Contract
EXHIBIT
10.1
2009-2011
Performance Share Award Agreement Template
This Performance
Share Award Agreement (the "Award Agreement") with the Participant is effective
as of the 1st day of January 2009 (“Grant Date”), and is not in lieu of salary
or any other compensation for services. The Performance Period for
this Award is January 1, 2009 through December 31, 2011. For the
purposes of this Award Agreement, the term "Company" means FirstEnergy Corp.,
its successors and/or its Subsidiaries, singularly or collectively.
SECTION
ONE - AWARD
As of the Grant
Date, in accordance with the FirstEnergy Corp. 2007 Incentive Plan (the “Plan”)
and the terms and conditions of this Award Agreement, the Company grants to the
Participant an award of Performance Shares. The Performance Shares
will be placed into a Performance Share account until paid out or
forfeited.
Until the
Performance Period ends pursuant to the terms and conditions described in this
Award Agreement, the Performance Share account of the Participant will be
credited with an amount per each Performance Share (the “Dividend Equivalent”)
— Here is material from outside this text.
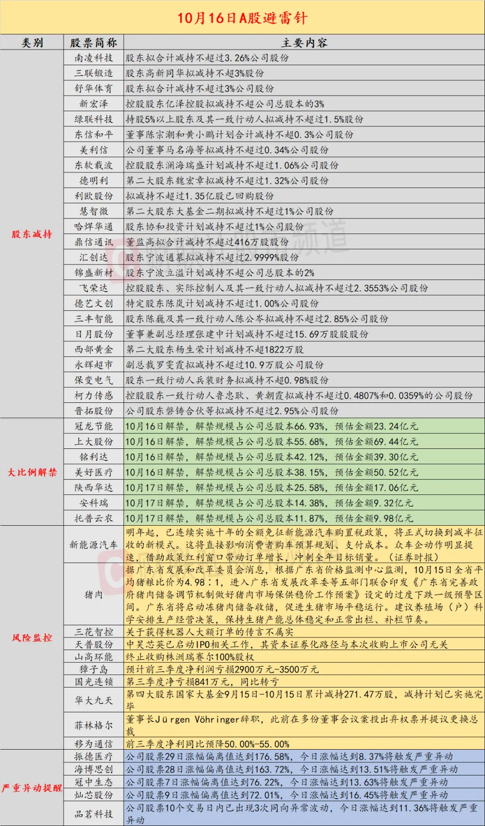 导读:财联社10月16日投资避雷针,克日,A股及外洋市场潜在风险事件如下。国内经济信息方面包括:1)新能源汽车购买 税明年 退坡;2)广东省猪粮比价进入太甚 下跌一级预警区间;公司方面重点存眷 包括:1)三花智控公告,关于得到机器人年夜 额订单的传言不属实;2)天普股份表示,中昊芯英已启动IPO相关工作,其资源证券化路径与本次收购上市公司无关;外洋市场重点存眷 包括:1)美股三年夜 指数收盘涨跌不一 ,稀土概念跌幅居前;2)全球公共债务占GDP的比重将创1948年以来新高。 经济信息 1、据广东省成长 和改造 委员会消息,依照 广东省价格监测中心监测,10月15日全省匀称猪粮比价为4.98∶1,进入广东省成长 改造 委等五部门团结印发《广东省完满政府猪肉贮备 调治机制做好猪肉市场保供稳价工作预案》设定的太甚 下跌一级预警区间。广东省将启动冻猪肉贮备 收储,促进生猪市场平稳 运行。建议养殖场(户)科学支配 分娩 经营决策,保持生猪产能总体稳固和正常出栏、补栏节奏。 2、明年 起,已连续实施十年的全额免征新能源汽车购买 税政策,将正式切换到减半征收的新模式。这将直接影响消耗者购车预算规划、付出本钱。众车企动作明显提速,借助政策红利窗口动员订单增加 ,冲刺整年目标销量。(证券时报) 公司预警 1、三花智控:关于得到机器人年夜 额订单的传言不属实。 2、天普股份:中昊芯英已启动IPO相关工作,其资源证券化路径与本次收购上市公司无关。 3、南凌科技:股东拟合计减持不凌驾3.26%公司股份。 4、三联锻造:股东高新同华拟减持不超3%股份。 5、舒华体育:股东拟合计减持不凌驾3%公司股份。 6、新宏泽:控股股东亿泽控股拟减持不超公司总股本的3%。 7、绿联科技:持股5%以上股东及其同等行动人拟减持不凌驾1.5%股份。 8、东信清静:董事陈宗潮和黄小鹏筹划合计减持不超0.3%公司股份。 9、美利信:公司董事马名海等拟减持不凌驾0.34%公司股份。 10、东软载波:控股股东澜海瑞盛筹划减持不凌驾1.06%公司股份。 11、德明利:第二年夜 股东魏宏章拟减持不凌驾1.32%公司股份。 12、利欧股份:拟减持不凌驾1.35亿股已回购股份。 13、慧智微:第二年夜 股东年夜 基金二期拟减持不凌驾1%公司股份。 14、哈焊华通:股东协和投资筹划减持不凌驾1%公司股份。 15、鼎信通信 :董监高拟合计减持不凌驾416万股股份。 16、汇创达:股东宁波通慕拟减持不凌驾2.9999%股份。 17、锦盛新材:股东宁波立溢筹划减持不超公司总股本的2%。 18、飞荣达:控股股东、现实掌握 人及其同等行动人拟减持不凌驾2.3553%公司股份。 19、德艺文创:特定股东陈岚筹划减持不凌驾1.00%公司股份。 20、三丰智能:股东陈巍及其同等行动人陈公岑拟减持不凌驾2.85%公司股份。 21、日月股份:董事兼副总经理 张建上钩 划减持不凌驾15.69万股股份。 22、西部黄金:第二年夜 股东杨生荣筹划减持不超1822万股。 23、永辉超市:副总裁罗雯霞拟减持不凌驾10.9万股公司股份。 24、保变电气:股东同等行动人兵装财务拟减持不超0.98%股份。 25、柯力传感:控股股东同等行动人鲁忠耿、黄朝霞拟减持不凌驾0.4807%和0.0359%的公司股份。 26、晋拓股份:公司股东磐铸合伙等拟减持不凌驾2.95%公司股份。 27、山高环能:制止收购株洲瑞赛尔100%股权。 28、獐子岛:估计 前三季度净利润亏损2900万元-3500万元。 29、3连板国光连锁:第三季度净亏损841万元,同比转亏。 30、华年夜 九天:第四年夜 股东国度 年夜 基金9月15日-10月15日累计减持271.47万股,减持筹划已实施完毕。 31、菲林格尔:董事长Jürgen Vöhringer辞职,此前在多份董事集会案投出弃权票并提议更换总裁。 32、移为通信:前三季度净利同比预降50.00%-55.00%。 外洋预警 1、美股三年夜 指数收盘涨跌不一 ,道指跌0.04%,纳指涨0.66%,标普500指数涨0.4%,热门科技股多数上涨,AMD涨超9%,英特尔涨超4%,谷歌、博通涨超2%,特斯拉涨超1%。贵金属、半导体、存储概念股年夜 涨,黄金资源 涨超10%,美洲白银公司涨超8%,西部数据涨超6%,科磊涨近6%,泛美白银涨超3%,阿斯麦涨超2%。稀土概念、煤炭、百货公司跌幅居前,American Resources跌超26%,迪拉德百货跌超3%。 2、国际货币基金组织(IMF)发布最新一期《财务监测报告》指出,到2029年,全球公共债务范围 估计 将初次冲破 GDP的100%。IMF申饬 ,如果当前财务支出与债务增加 趋势得不到遏制,全球金融稳固性年夜 概面临严重威胁。 3、跟着 订单和出货量回升,10月纽约联储制造 业指数年夜 幅上升19.4点至10.7,远超市场预期的-1.4。前景指数攀升至岁首年月 以来最高水平。 ![]() (财联社 翟哲浩) |

equal to the amount per share of any cash dividends declared by the Board with a
record date on or after the Grant Date on the outstanding common stock of the
Company. Such Dividend Equivalents will be credited in the form of an
additional number of Performance Shares (which Performance Shares, from the time
of crediting, will be deemed to be in addition to and part of the base number of
Performance Shares awarded by this Award Agreement for all purposes
hereunder). The additional number of Performance Shares will be equal
to the aggregate amount of Dividend Equivalents credited on this Award on the
respective dividend payment date divided by the average of the high and low
prices per share of common stock on the respective dividend payment
date. The Performance Shares attributable to the Dividend Equivalents
will be either paid out or forfeited, as appropriate, under the same terms and
conditions under this Award Agreement that apply to the other Performance
Shares.
The value of the
Participant’s account at the end of the three-year Performance Period will be
based on the average of the high and low prices of common stock for the month of
December 2011 and may be adjusted upward or downward based upon the total
shareholder return (“TSR”) of common stock relative to an energy services
company index during the same three-year period. If the TSR rating is
at or above the 90th percentile, the payout will be 200% of the account value.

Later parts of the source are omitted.